Sebaiknya data dienkripsi saat dalam proses pengiriman. Google mengenkripsi dan mengautentikasi data dalam pengiriman di satu atau beberapa lapisan jaringan saat data dipindahkan ke luar batas fisik yang tidak dikontrol oleh Google atau atas nama Google. Semua traffic VM-ke-VM dalam jaringan VPC dan antara jaringan VPC yang di-peering dienkripsi. Anda dapat menggunakan MACsec untuk mengenkripsi traffic melalui koneksi Cloud Interconnect. IPsec menyediakan enkripsi untuk traffic melalui koneksi Cloud VPN. Anda dapat melindungi traffic aplikasi-ke-aplikasi di cloud dengan menggunakan fitur keamanan seperti konfigurasi TLS dan mTLS di Apigee dan Cloud Service Mesh untuk aplikasi dalam container.
Secara default, Google Cloud mengenkripsi data dalam penyimpanan dan data dalam pengiriman di seluruh jaringan. Namun, data tidak dienkripsi secara default saat digunakan dalam memori.
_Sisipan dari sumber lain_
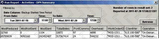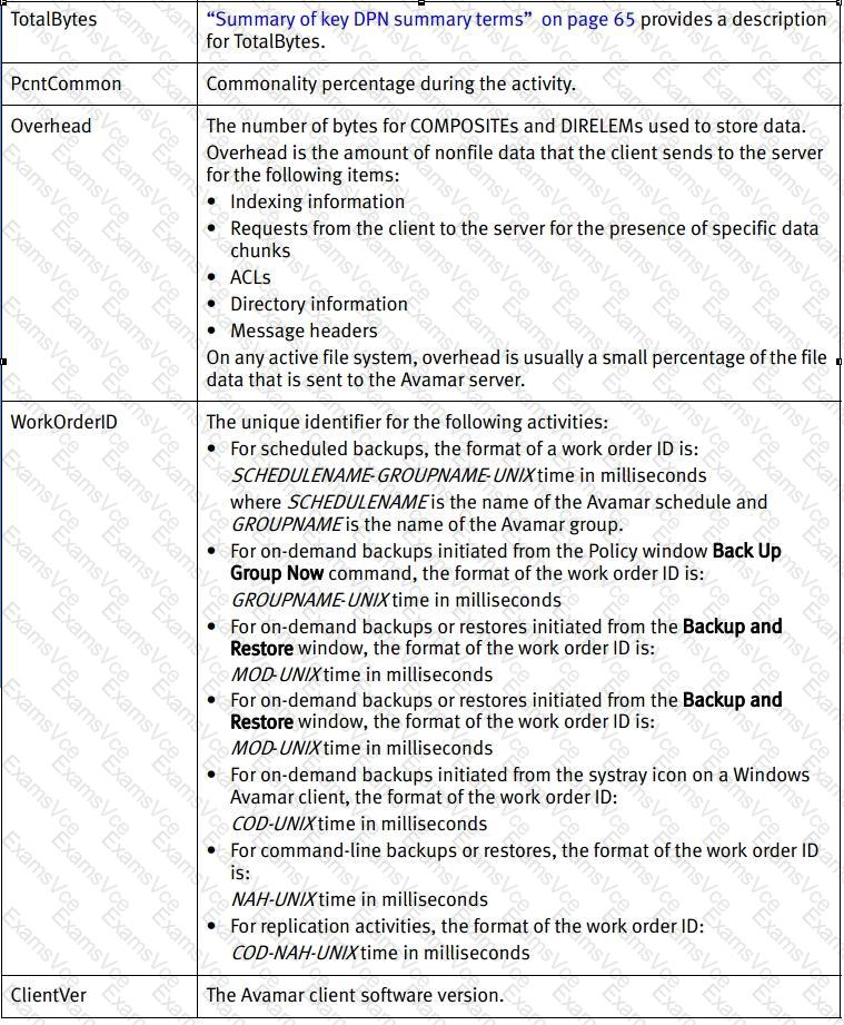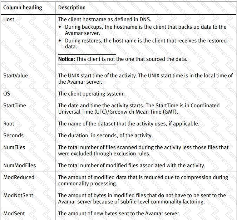 Which field on the report indicates how much data has been transferred to the Dell Avamar server?

Jika organisasi Anda menangani data rahasia, Anda harus mengurangi ancaman apa pun yang merusak kerahasiaan dan integritas aplikasi atau data dalam memori sistem. Untuk memitigasi ancaman ini, Anda dapat menggunakan Confidential Computing, yang menyediakan lingkungan eksekusi tepercaya untuk workload komputasi Anda. Untuk mengetahui informasi selengkapnya, lihat Ringkasan Confidential VM.